Generally, a person would purchase Bitcoin using their own address/wallet privately or via an exchange using a broker (similar to a share trading broker) and if needed transfer the purchased Bitcoin to their own address/wallet.
Can an SMSF invest in Bitcoin?
Any SMSF investment is subject to the regulations under the Superannuation Industry (Supervision) Act 1993 (Cth) (‘SISA’) and the Superannuation Industry (Supervision) Regulations 1994 (Cth) (‘SISR’). This article does not intend to determine if any specific investment is permissible under superannuation law but generally discusses areas that may need to be considered prior to an investment in Bitcoin. Broadly, there is no specific prohibition on an SMSF investing in Bitcoin but certain factors must be considered.

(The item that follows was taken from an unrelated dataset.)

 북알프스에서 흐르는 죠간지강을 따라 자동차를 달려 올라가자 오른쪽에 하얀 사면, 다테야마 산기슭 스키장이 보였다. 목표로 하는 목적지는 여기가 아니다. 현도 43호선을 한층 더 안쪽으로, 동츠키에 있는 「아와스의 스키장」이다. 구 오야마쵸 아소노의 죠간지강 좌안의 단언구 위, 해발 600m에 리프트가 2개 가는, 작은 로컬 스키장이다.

Under s 52B of the SISA and reg 4.09 of the SISR, the trustee of an SMSF is required to formulate, review regularly and give effect to an investment strategy that has regard to the whole of the circumstances of the fund including, but not limited to, the following:
(a) the risk involved in making, holding and realising, and the likely return from, the fund’s investments, having regard to its objectives and its expected cash flow requirements;
(b) the composition of the fund’s investments as a whole including the extent to which the investments are diverse or involve the fund in being exposed to risks from inadequate diversification;
(c) the liquidity of the fund’s investments, having regard to its expected cash flow requirements;
(d) the ability of the fund to discharge its existing and prospective liabilities; and
(e) whether the trustees of the fund should hold a contract of insurance that provides insurance cover for one or more members of the fund.

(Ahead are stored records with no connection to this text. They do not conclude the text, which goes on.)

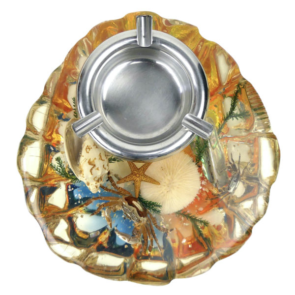 Inclusion Bord de mer coquillages crabes et étoile de mer des années 60
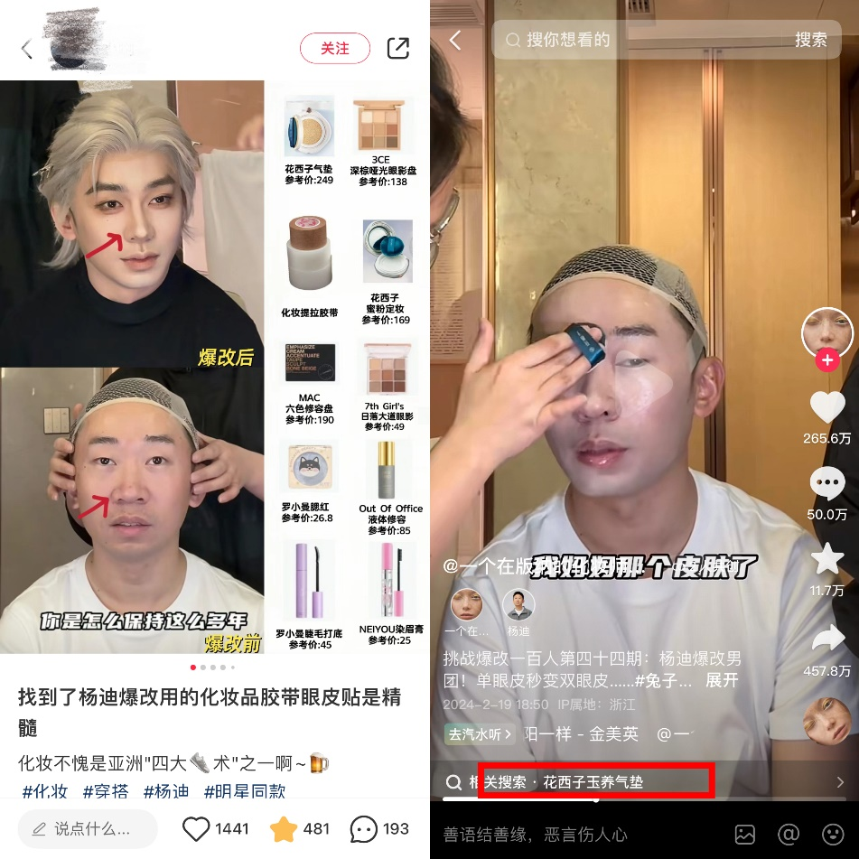相比前期的視頻,在“爆改楊迪”的這期視頻當(dāng)中,也出現(xiàn)了類似植入的情況。在給楊迪上底妝時(shí)出現(xiàn)了花西子底妝產(chǎn)品的特寫(xiě),視頻相關(guān)搜索更顯示“花西子玉養(yǎng)氣墊”。
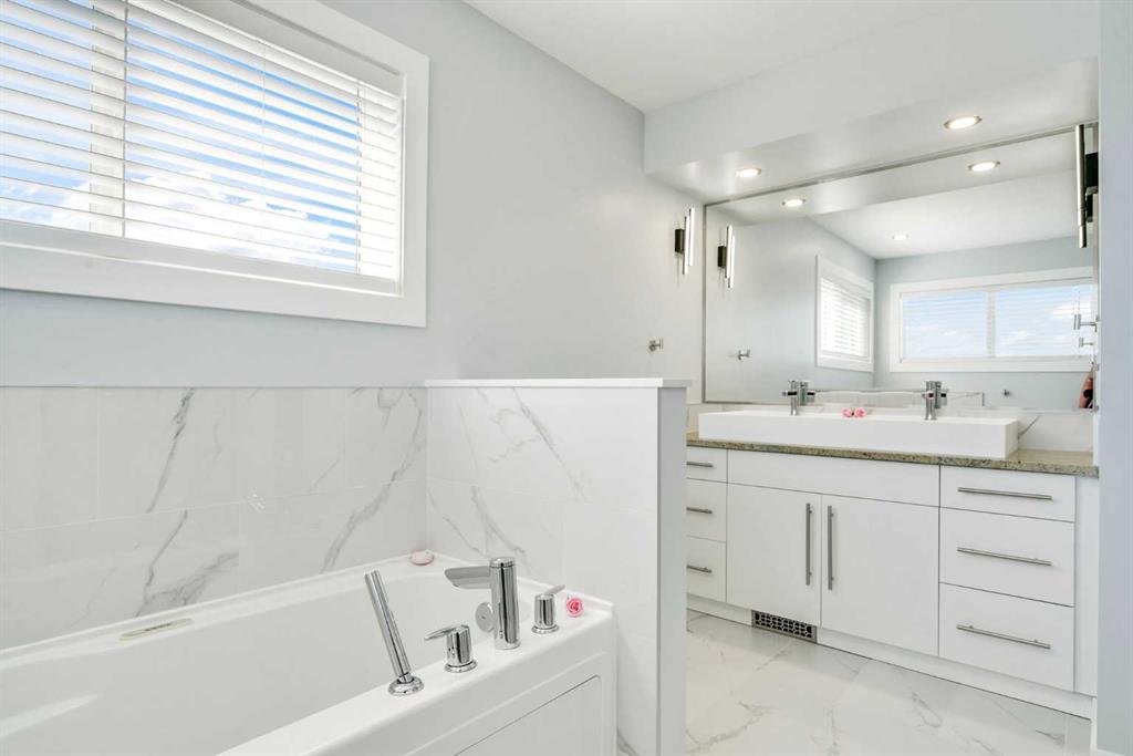This absolutely stunning updated 2 storey family home sits on a massive pie shaped lot on a quiet, family friendly street with a playground steps away. This impeccable home features 2319 sq ft of luxurious development, offering 4 bedrooms total & 3.5 bathrooms. Perfect for family & entertaining, this remarkable home offers a beautiful gourmet kitchen with premium stainless appliances including fridge with ice & water maker, ceramic top range, dishwasher, built-in microwave, a central island & huge walk-in pantry. A bright & open dining area with tons of room for guests that opens to a massive 21 x 12 maintenance free private deck that’s perfect for evening barbeques. Adjacent to the dining area is the huge family sized-living room with gleaming wood floors and electric fireplace. The upper floor features a large primary bedroom with a walk-in closet, spacious ensuite with a jetted tub, large vanity and stand-up shower. Two additional bedrooms, a 4 pc main bath & a convenient upper laundry complete this level. The fully finished basement with a 4th bedroom, a cozy recreation room perfect for watching movies & playing games, a separate den or office (currently used as an exercise room), another full bath & a huge storage area with built-in shelving. You have everything you need for a growing family! Extensively updated, it also boasts 9 foot ceilings with knock down ceilings, built-in speakers with individual room volume controls, water softener, central air conditioning to take the edge off on those hot summer nights, solid passage doors, wood shelving in kitchen pantry, granite countertops in all bathrooms & caesarstone in the kitchen. Impeccable landscaping that includes poured exposed aggregate walk-ways & patios that surround the entire home, robust raised flower or garden beds large enough to accommodate several different home-gardening projects, metal railings on maintenance free deck, beautiful 6 foot perimeter fencing, large rear shed with 2-level storage and more! A new oversized triple garage plus double wide concrete parking pad, great for 2 vehicles, boat, or an RV. This property’s sunny southwest pie lot at over 5100 sq ft is one of the largest on Copperstone Gardens and leaves ample room for kids, pets and entertaining guests. Enjoy proximity to parks, walking trails, schools, & shopping centers, plus fantastic community amenities including two scenic ponds, a community center, tennis & basketball courts, skating rink and a tobogganing hill.
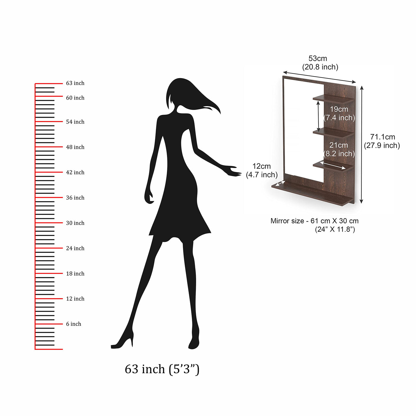 BLUEWUD Rico Mini Engineered Wood Wall Mount Dressing Table Organizer Makeup Vanity with Mirror Storage Shelves for Bedroom Home

The SISA and SISR do not specify a particular level of risk that is acceptable for a fund’s investment strategy. This would ultimately depend on the risk tolerance of the trustee and members.
If a person suffers loss or damage as a result of a contravention of a covenant imported in an SMSF deed by the SISA, such as the requirement to formulate an investment strategy, they may take action against a person involved in the contravention to recover the amount of the loss or damage. In an SMSF context, it may not be viable for a member to take action against themselves or the corporate trustee. If an adviser assists a client to invest in Bitcoin while the SMSF governing rules do not authorise such an investment and a member suffers loss, the adviser could be exposed to legal liability.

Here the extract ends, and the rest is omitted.